(SUPPLIED INFORMATION Opens)

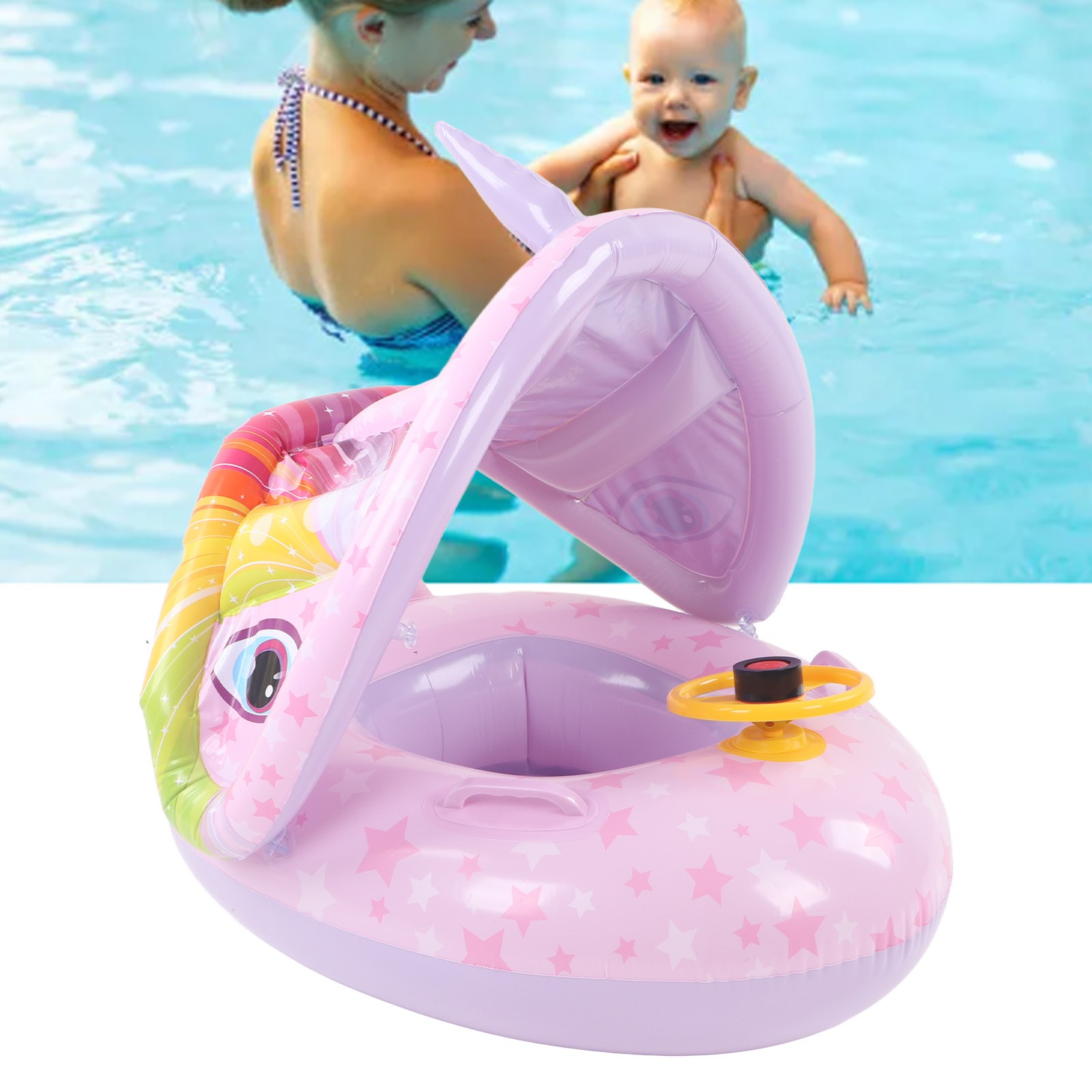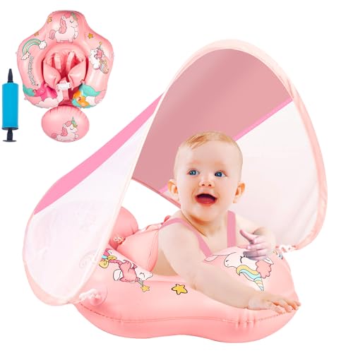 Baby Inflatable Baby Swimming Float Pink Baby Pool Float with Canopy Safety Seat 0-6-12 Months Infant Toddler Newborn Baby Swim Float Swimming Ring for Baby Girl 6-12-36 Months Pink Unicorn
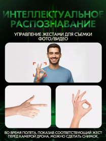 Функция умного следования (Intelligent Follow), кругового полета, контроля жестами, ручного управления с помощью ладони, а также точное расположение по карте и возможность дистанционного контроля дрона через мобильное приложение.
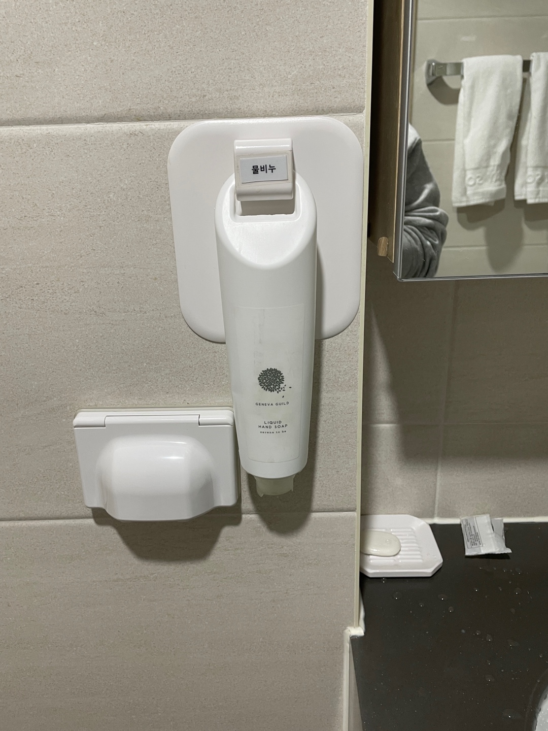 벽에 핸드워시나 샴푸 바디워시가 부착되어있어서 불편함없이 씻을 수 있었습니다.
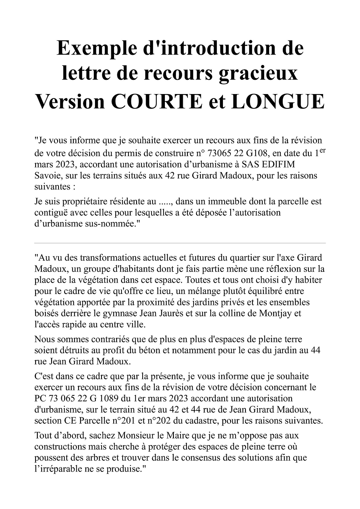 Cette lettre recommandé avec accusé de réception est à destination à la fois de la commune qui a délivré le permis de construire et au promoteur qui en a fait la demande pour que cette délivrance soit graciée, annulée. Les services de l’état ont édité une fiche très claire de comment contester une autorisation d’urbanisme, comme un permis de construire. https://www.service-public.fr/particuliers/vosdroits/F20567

(SUPPLIED INFORMATION Closes)

**WHAT YOU WILL DO:** Pictures aside, return all of the material exactly as written.

**ANSWER FOR THE TASK:**
 Baby Inflatable Baby Swimming Float Pink Baby Pool Float with Canopy Safety Seat 0-6-12 Months Infant Toddler Newborn Baby Swim Float Swimming Ring for Baby Girl 6-12-36 Months Pink Unicorn
 Функция умного следования (Intelligent Follow), кругового полета, контроля жестами, ручного управления с помощью ладони, а также точное расположение по карте и возможность дистанционного контроля дрона через мобильное приложение.
 벽에 핸드워시나 샴푸 바디워시가 부착되어있어서 불편함없이 씻을 수 있었습니다.
 Cette lettre recommandé avec accusé de réception est à destination à la fois de la commune qui a délivré le permis de construire et au promoteur qui en a fait la demande pour que cette délivrance soit graciée, annulée. Les services de l’état ont édité une fiche très claire de comment contester une autorisation d’urbanisme, comme un permis de construire. https://www.service-public.fr/particuliers/vosdroits/F20567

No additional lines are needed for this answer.